(AP) – The governors of Arizona, New Mexico and Mexico’s Sonora state signed an agreement Wednesday to study a plan to export natural gas to Asia by connecting existing pipelines to move the fuel south to the Gulf of California.
The non-binding agreement calls for the states to collaborate on promoting investment, research and innovation to eventually export natural gas from New Mexico’s abundant supply to Asian nations, which are leading importers of liquefied gas.
The memorandum, signed by Republican Govs.
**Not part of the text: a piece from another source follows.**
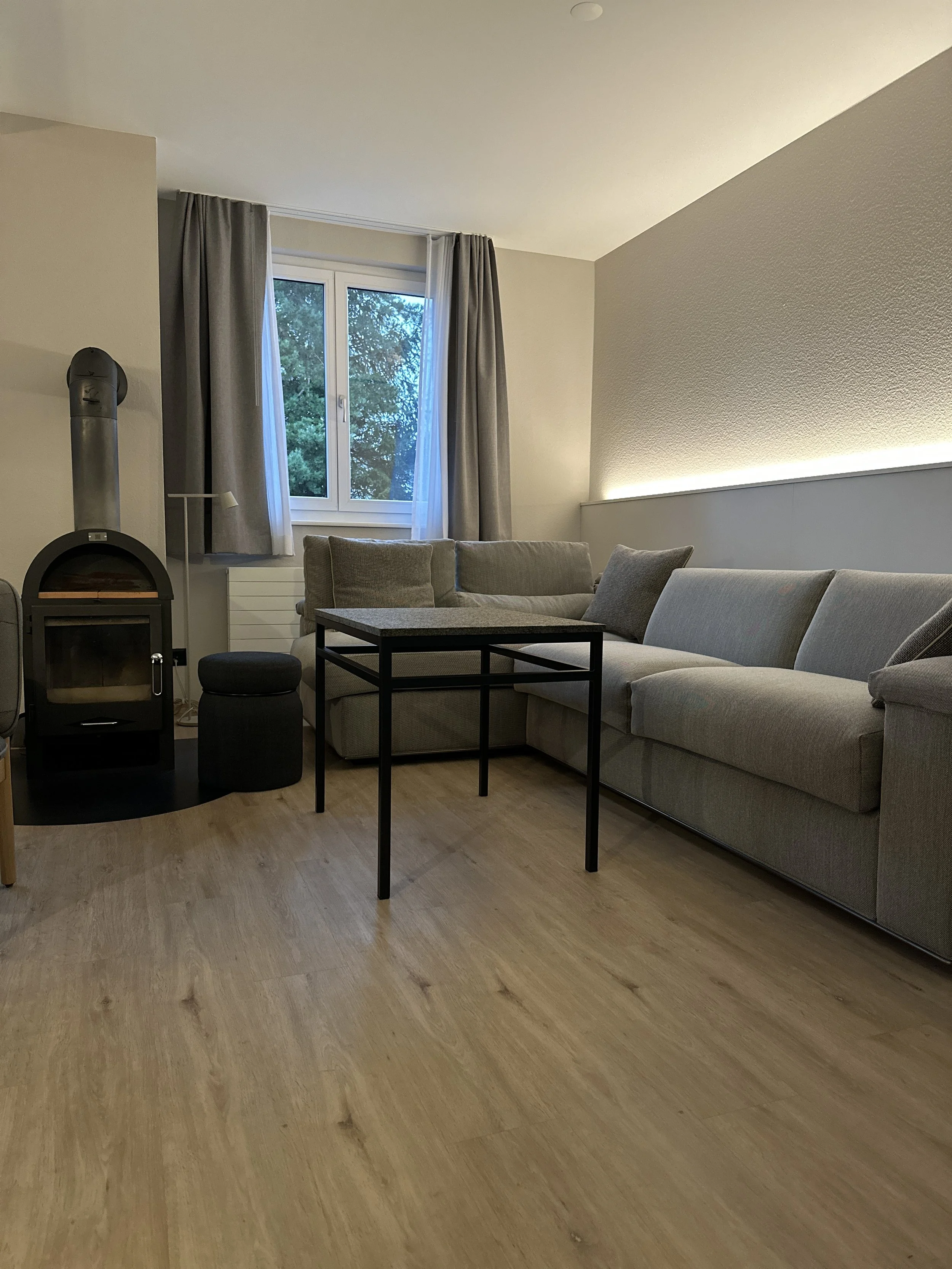 Die frisch renovierten Ferienwohnungen im schlichten skandinavischen Look bieten vieles, was es für eine Woche Familienurlaub braucht. Unsere Reka-Ferienwohnung für 4 Personen hatte ein Zimmer mit einem Doppelbett und ein weiteres Zimmer mit 2 Einzelbetten. Die Küche war gut ausgestattet, so dass wir problemlos selbst kochen konnten. Das geräumige Wohnzimmer mit Cheminée sorgt für eine gemütliche Atmosphäre. Sowohl im Wohn- wie auch im Schlafzimmer findet sich ein Fernseher. Zwei WCs, davon eins mit grosser Dusche und Brünneli als Badezimmer, erleichterte den Morgen Ansturm. Die Wohnung verfügt ausserdem über einen überdachten Balkon.

Doug Ducey of Arizona and Susana Martinez of New Mexico and Claudia Pavlovich of Sonora, does not call for the commitment of any funds.
“Asia’s burgeoning demand, New Mexico’s abundant supply, and Arizona and Sonora’s strategic location and transport networks all combine to present an opportunity for continued regional growth,” the agreement states.
New Mexico is a top producer of natural gas and outgoing Martinez, who leaves office at the end of the month, has made finding ways to export the fuel a priority.
The pact notes that Arizona has been fast-growing in terms of population and employment, suggesting that running the fuel through the state’s pipelines and facilities could bring economic benefits.
Ducey called the agreement “a great way for us to work with our neighbors to promote binational trade.”
The plan proposes that the three states study ways to connect existing pipeline networks in Arizona and Sonora to move the fuel from New Mexico to the U.S.-Mexico border, then south into Sonora state and west to the port of Guaymas on the Gulf of California, where tankers would pick up the fuel for the trip to Asia.
Guaymas is far closer to Asia than Houston on the Gulf of Mexico, where most fuel leaves the U.S. for Asia. Shipping the natural gas from Guaymas would save the time and money it costs to take shipments through the Panama Canal.